- [PROVIDED MATERIAL]:
BEGIN

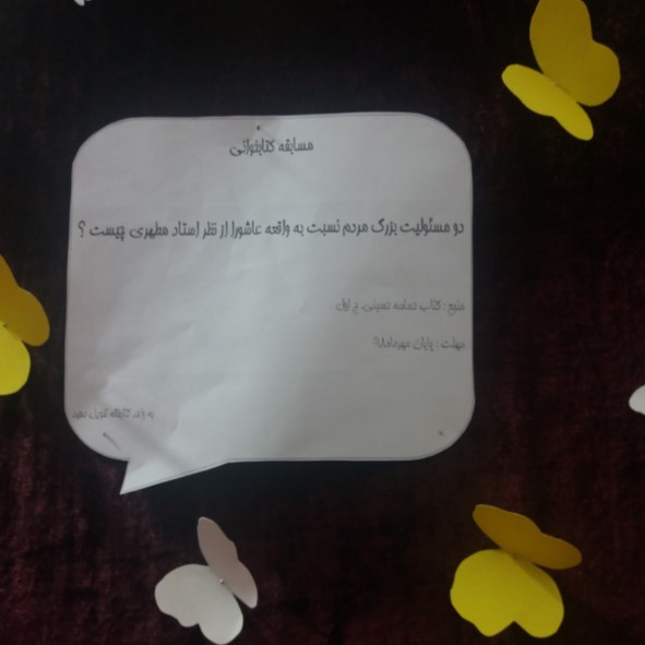 مسابقه «عاشورا ومسئولیت ما »ویژه ماه محرم در مدرسه فاطمیه گرمسار برگزار شد .خانم قندالی کتابدار مدرسه فاطمیه اذعان کرد منبع مورد استفاده طلاب کتاب «حماسه حسینی شهید مطهری ره »است . ایشان افزود از برندگان مسابقه در هفته کتاب وکتابخوانی با اهدا جوایز قدردانی خواهد شد .
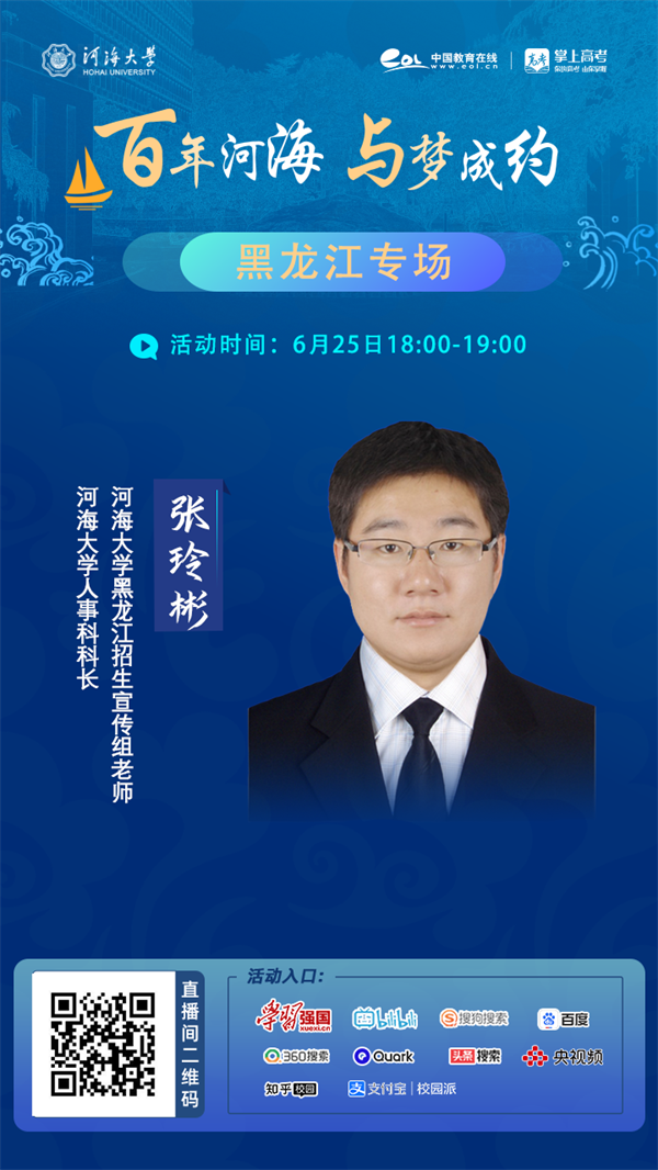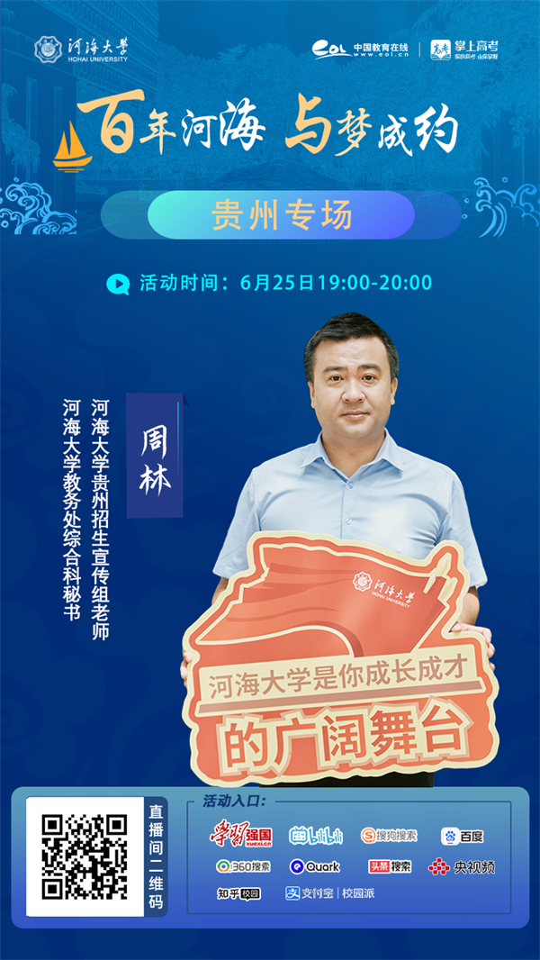 直播预告 | 河海大学6月25日招生政策解读网络咨询会来啦!(河南、辽宁、黑龙江、贵州、陕西、江苏)
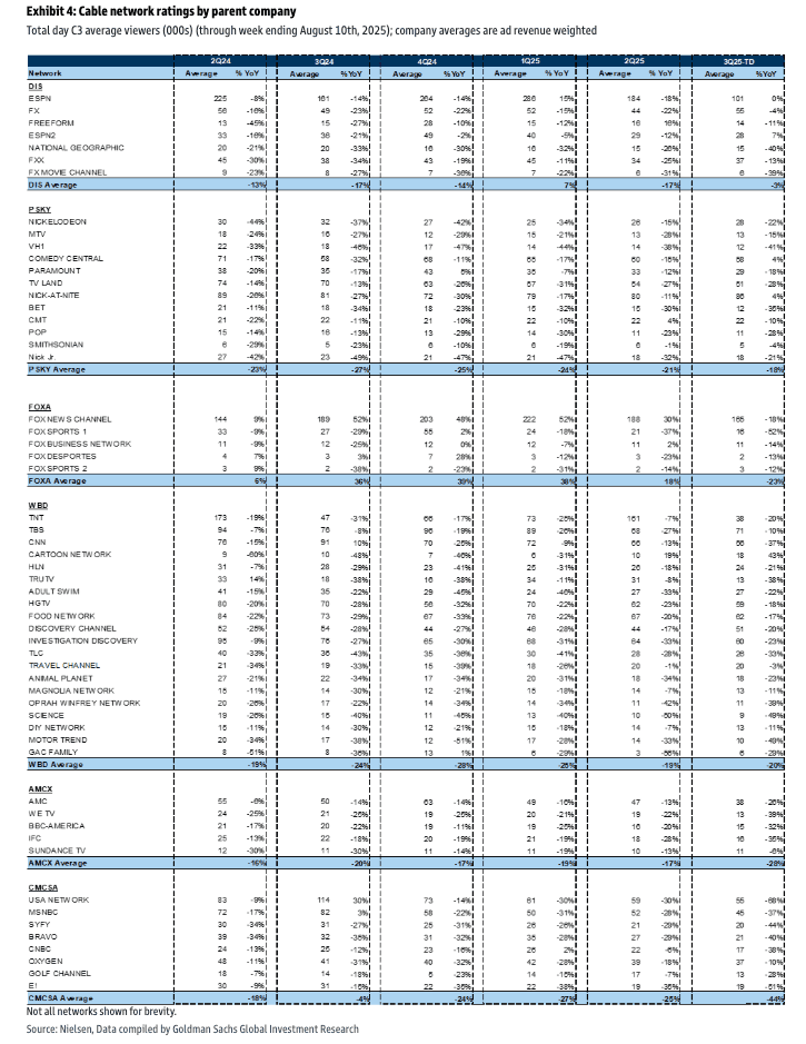 -28% yoy 3Q25-to-date Aggregate cable network primetime ratings (C3, A18-49 demo) were down 28% yoy in 3Q25-to-date, worse than 21% decline in 2Q25. In 3Q25-to-date, total day ratings (C3, target demos) declined at DIS (-3%), PSKY (-18%), WBD (-20%), CMCSA (-44%), AMCX (-28%), and FOX (-23%). FNC was down 18% yoy in the same period. For a sequential comparison, in 2Q25 ratings declined at DIS (-17%), PSKY (-21%), WBD (-19%), CMCSA (-25%), and AMCX (-17%), while FOX (18%) grew.
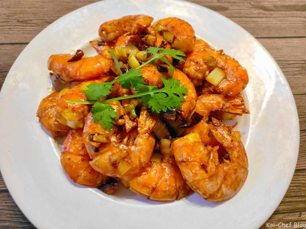 殻付きの海老を油で揚げたらあとは調味料を絡めるだけのシンプルな料理なのですが、

END

- [GOAL OF THE EXERCISE]:
Return the whole listing, word for word, and leave out every picture.

- [ANSWER TO THE PROBLEM]:
 مسابقه «عاشورا ومسئولیت ما »ویژه ماه محرم در مدرسه فاطمیه گرمسار برگزار شد .خانم قندالی کتابدار مدرسه فاطمیه اذعان کرد منبع مورد استفاده طلاب کتاب «حماسه حسینی شهید مطهری ره »است . ایشان افزود از برندگان مسابقه در هفته کتاب وکتابخوانی با اهدا جوایز قدردانی خواهد شد .
 直播预告 | 河海大学6月25日招生政策解读网络咨询会来啦!(河南、辽宁、黑龙江、贵州、陕西、江苏)
 -28% yoy 3Q25-to-date Aggregate cable network primetime ratings (C3, A18-49 demo) were down 28% yoy in 3Q25-to-date, worse than 21% decline in 2Q25. In 3Q25-to-date, total day ratings (C3, target demos) declined at DIS (-3%), PSKY (-18%), WBD (-20%), CMCSA (-44%), AMCX (-28%), and FOX (-23%). FNC was down 18% yoy in the same period. For a sequential comparison, in 2Q25 ratings declined at DIS (-17%), PSKY (-21%), WBD (-19%), CMCSA (-25%), and AMCX (-17%), while FOX (18%) grew.
 殻付きの海老を油で揚げたらあとは調味料を絡めるだけのシンプルな料理なのですが、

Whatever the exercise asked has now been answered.